Let’s go back to Raphael. Angelic spirits can assume any shape as we have seen, both with Satan and Raphael. They have some sort of materiality, and Raphael explains that whatever substance they are made of, they do require food. Every thing must be fed.
food alike those pure
Intelligential substances require
As doth your Rational; and both contain
Within them every lower facultie [ 410 ]
Of sense, whereby they hear, see, smell, touch, taste,
Tasting concoct, digest, assimilate,
And corporeal to incorporeal turn.
There are three layers here;
pure intelligential substances
your (Adam’s, our) rational
every lower faculty (hear, see, smell, touch, taste,)
In the first of these types of being, it is worth dwelling on each of the three descriptors: ‘pure’ - meaning incorruptible; ‘intelligential’ meaning thoughtful, rational, capable of understanding, and ‘substances’, meaning something substantial, not purely immaterial. So this order of being has a kind of substance but not of the same type that the human world has, it is a substance which is fluid, changeable, often described as radiant. (And thus among the fallen Angels the lost of radiance is felt keenly?) The ‘rational’ beings, come like Hamlet, mid-way between the worms and the angels. Both intelligential and rational beings digest, which seems here a kind of method of transubstantiation:
and food alike those pure
Intelligential substances require
As doth your Rational; and both contain
Within them every lower facultie [ 410 ]
Of sense, whereby they hear, see, smell, touch, taste,
Tasting concoct, digest, assimilate,
And corporeal to incorporeal turn.
Food is digested and assimilated and from corporeal becomes incorporeal.
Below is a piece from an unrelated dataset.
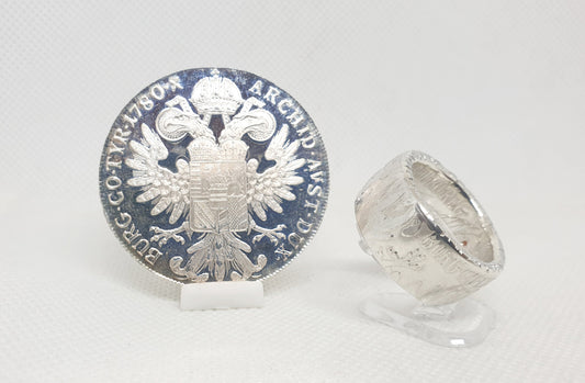 Bague pièce de monnaie 1 Thaler Marie Thérèse d'Autriche refrappée en argent (coin ring)

In contemporary language - matter becomes usable energy.
And all other substances feed in other ways, as Raphael goes on to teach (note the verb ‘know’)
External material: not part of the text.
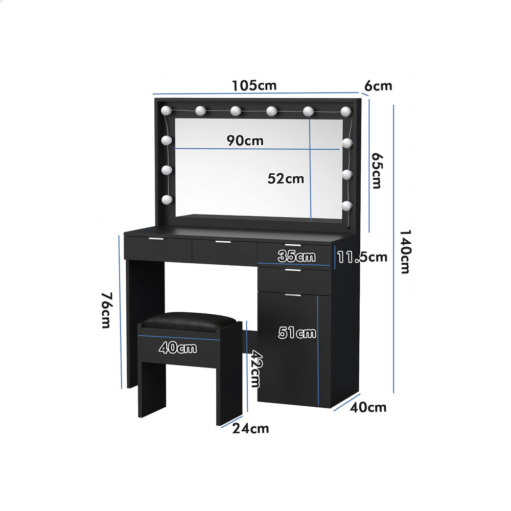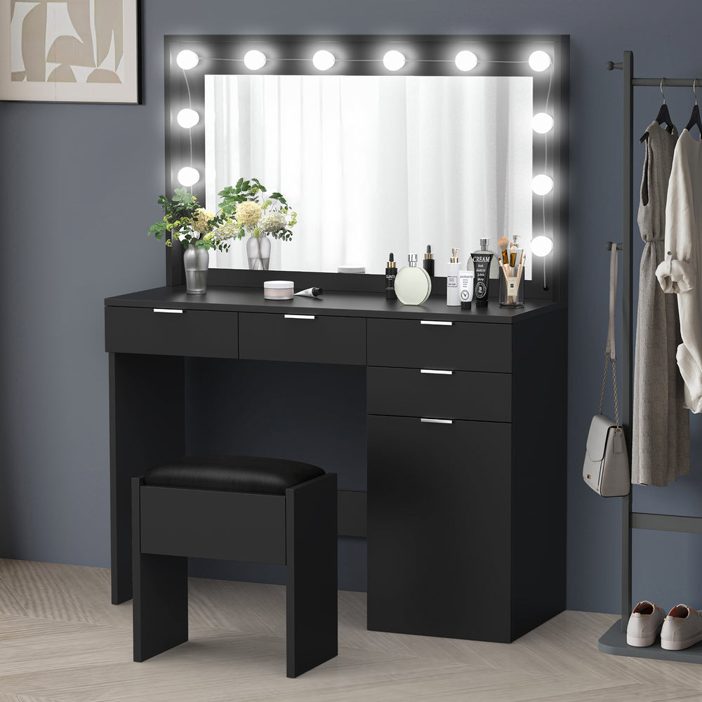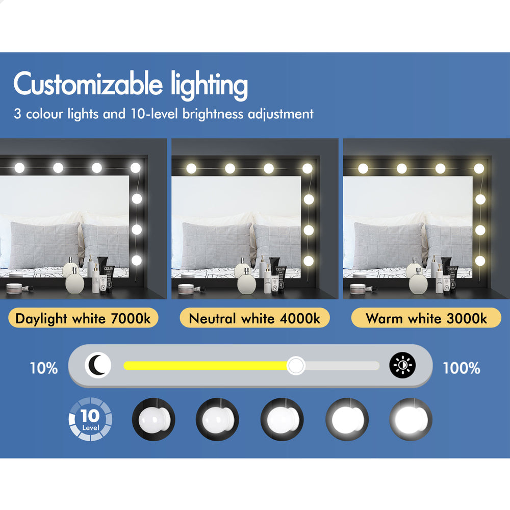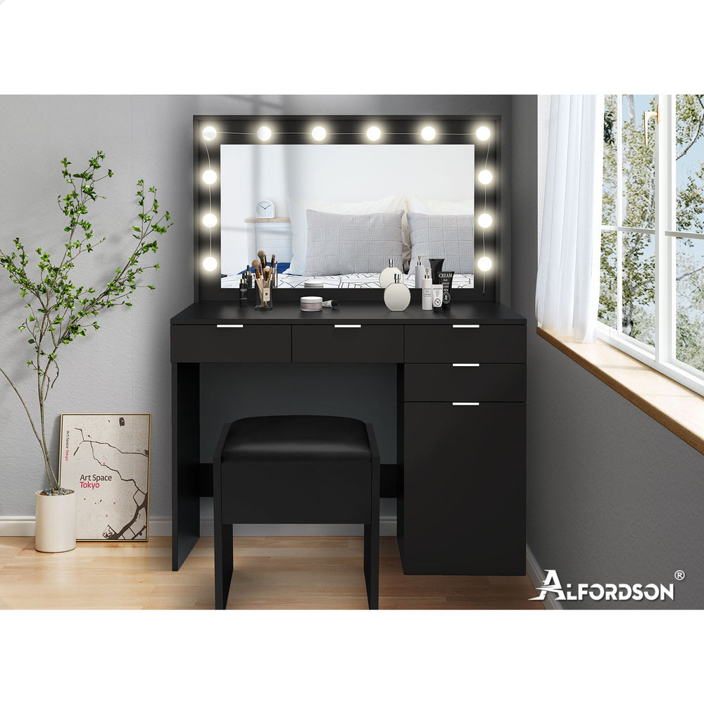 ALFORDSON Dressing Table Stool Set Makeup Mirror Desk 12 LED Bulbs Black

For know, whatever was created, needs
To be sustaind and fed; of Elements [ 415 ]
The grosser feeds the purer, Earth the Sea,
Earth and the Sea feed Air, the Air those Fires
Ethereal, and as lowest first the Moon;
Whence in her visage round those spots, unpurg'd
Vapours not yet into her substance turnd. [ 420 ]
This is so interesting. Creation is not a completed process - but all things must be ‘sustained and fed’. In this poem, fed with what is the big question. Raphael teaches a natural order (‘the grosser feeds the purer’).
Looking back over todays writing, the close-up gives me a chance to go more deeply into some complicated background stuff that I would otherwise skip over, and also gave me the chance to think backwards through what we’ve read so far, which I found helpful.
Because the poem is so big (and because my memory is poor) it is hard to keep everything we’ve read to date in mind. Having time to look back and find related moments was helpful.
But I’d be grateful for your thoughts and comments - more like this or continue with the explication of what just happened?